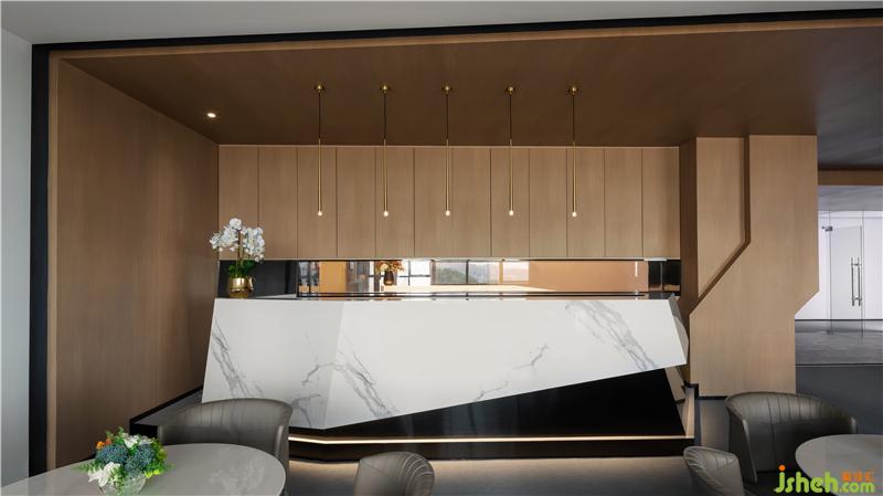 由入口進入室內(nèi),售樓處設計采用山水紋理的大理石的接待臺便映入眼前,傳達氤氳的氣息,使接待中心各個空間流暢而富有變化,與線條型的燈光樣條遠近呼應,營造出包容氣質(zhì),似乎也 在隱隱的傳達這座城市的容貌,慢慢的深入,漸漸展露它的真實面容。
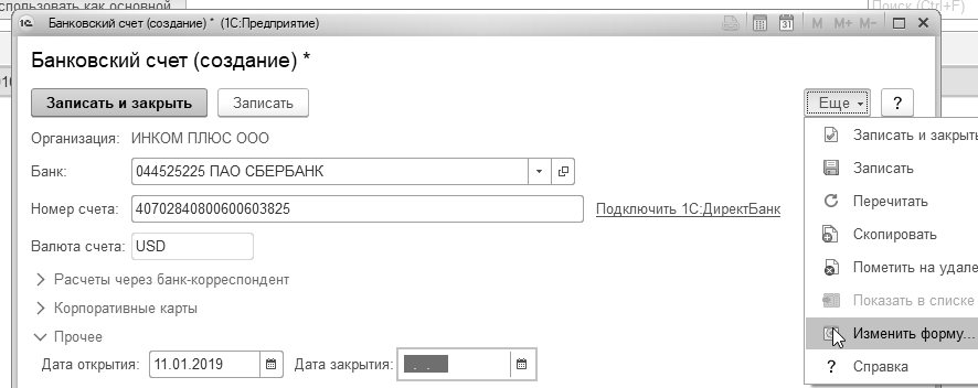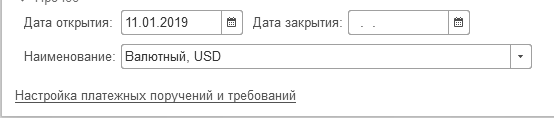 И хотелось бы наименование счета указать не цифрами, а произвольным образом (например, валютный счет, USD). Заполните указанную информацию, ориентируясь на рисунок 8.5.2. Запишите и закройте элемент.
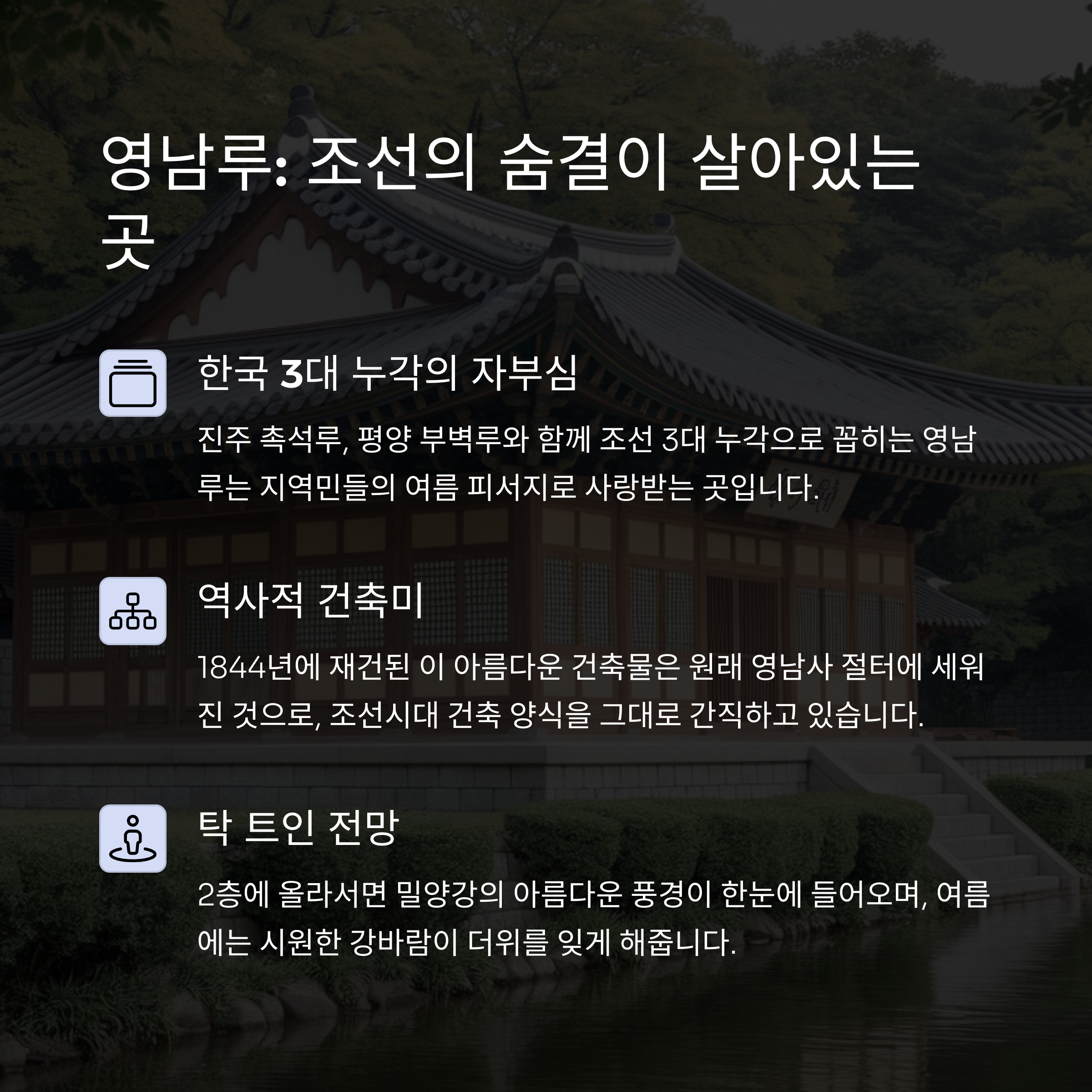 | 조선시대 공익교육 기관, 봄에는 매화 명소 | 밀양 특산물과 보리밥 맛집이 모여 있는 전통시장 | 한국의 3대 누각 중 하나, 밀양강 풍경 명소 |

WORK INSTRUCTIONS ▸ Leave every picture out, and reproduce exactly the lines from the line bearing "И хотелось бы" through the closing line of the material above.

TASK SOLUTION ▸
 И хотелось бы наименование счета указать не цифрами, а произвольным образом (например, валютный счет, USD). Заполните указанную информацию, ориентируясь на рисунок 8.5.2. Запишите и закройте элемент.
 | 조선시대 공익교육 기관, 봄에는 매화 명소 | 밀양 특산물과 보리밥 맛집이 모여 있는 전통시장 | 한국의 3대 누각 중 하나, 밀양강 풍경 명소 |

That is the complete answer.